場邊有觀眾聽見這聲響,還有她那聲蘇到爆炸的輕笑,激動不已,不禁隔空喊道“哥們放心吧她聽見了,還笑了,打了個響指”
“了個響指”“響指”“指”
這回復聲又在上空盤旋了一陣,觀眾們全都驚呆了。
他們中有不少人追過演唱會,當然對舞臺上的偶像大聲喊過話。但誰能想到舞臺劇也能喊話
今天這出舞臺劇明明典雅又莊重,看得他們不但不敢出聲,甚至還不由自主地正襟危坐。
結果,好像現場是允許喊的
虞嬋都被逗笑了
那就喊它喊它
一個聲音響亮的妹子反應最快,怒喊一句“嬋神我愛你”
“季澹我喜歡你十五年了”
“虞嬋你太美啦”
“澹神你是世界上最帥的男人”
場下頓時一片嘈雜,陷入一場連屋頂都能掀翻的狂歡。巨大的聲浪震得鼓膜都隱隱作痛,虞嬋笑著捂住耳朵。
造型師正幫她整理身后的裙擺,她站在一片黑暗里,雙眼亮晶晶地看著臺下的所有觀眾。
每顆橙色熒光的背后都是一個鮮活的靈魂,他們正在為舞臺上的自己搖旗吶喊。
她正在出神,卻忽然感到耳邊垂下一片溫熱的呼吸。清冽的薄荷冷香在空氣里四處迸濺開來,那個又溫又沉的聲音分外耳熟。
“小嬋、嬋嬋”
場下的聲浪排山倒海,他柔軟的唇幾乎完全貼著虞嬋的耳際,才能令虞嬋聽清話音。
他唇齒間細細咂摸著那個觀眾一開始對虞嬋的稱呼,語氣復雜,人卻站在黑暗里,看不清他的表情。
虞嬋那對白兔般柔軟的耳朵瞬間燒起滾燙的紅暈。不知為何,縈繞在自己鼻尖的那縷薄荷冷香,仿佛摻雜了些許檸檬的酸調氣息。
她的身體觸電似的往后一縮,正對上那雙幽深的碧眸。
季澹已經披上第三幕的披風與外套,由于換場時間有限,里面那身戰損白袍并沒有換下來,淋漓的血跡和淤青,還有裸露在外的腰腹和肌肉,仍然清晰可見。
但整個人氣場已換,不僅不像第二幕中那般虛弱,反而在這縷檸檬的酸調里,亮起了火光與爪牙。

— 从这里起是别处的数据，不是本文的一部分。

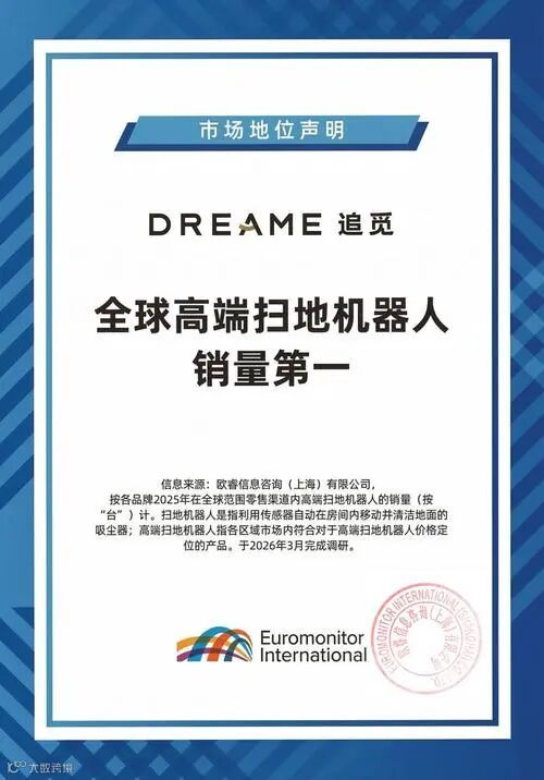 就在不久前,欧睿国际的一纸认证为这份野心写下了注脚——“全球高端扫地机器人销量第一”。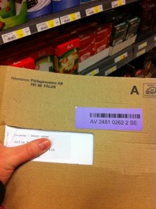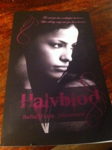 Vad kan det vara i det här paketet då? Jo en liten in bok kanske! Förlaget Mörkersdottir hade eller har en insamling till cancerfonden där man fick en bok om man gav 50kr. Eftersom jag ändå hade tänkt ge lite pengar till cancerfonden så passade jag på. Jag valde boken Halvblod. Jag har försökt mig på att läsa den förut, men jag fastnade inte för den och det var dags att lämna tillbaka den till biblioteket. Gå in här och läs om insamlingen.

他靜靜地凝視著面前穿著盛大華服的少女,情不自禁地又踏近一步。
鎖骨處的名字早已烙印在心上,覆水難收的思念和貪欲從眸間溢出,他嘆息般張開口,輕聲喚道“小嬋。”
清朗且溫醇的音色,幾乎要酥麻地碎在自己的耳廓里。
一瞬間,虞嬋的腦海變成一片純粹的白。
臺下數萬觀眾那浩大的歡呼聲浪仍不絕于耳,黑漆漆的舞臺上,幾十個忙于換場的工作人員們正在不遠處匆匆跑動。兩分鐘后,下一幕演出就要正式開始。
可虞嬋的意識卻徹底安靜下來。
在這個瞬間,她的世界里只剩下那貼在自己耳邊的聲音。
那聲音仿佛浸透了罌粟的花汁,纏在聽者的心尖上,長出一片欲罷不能的癮。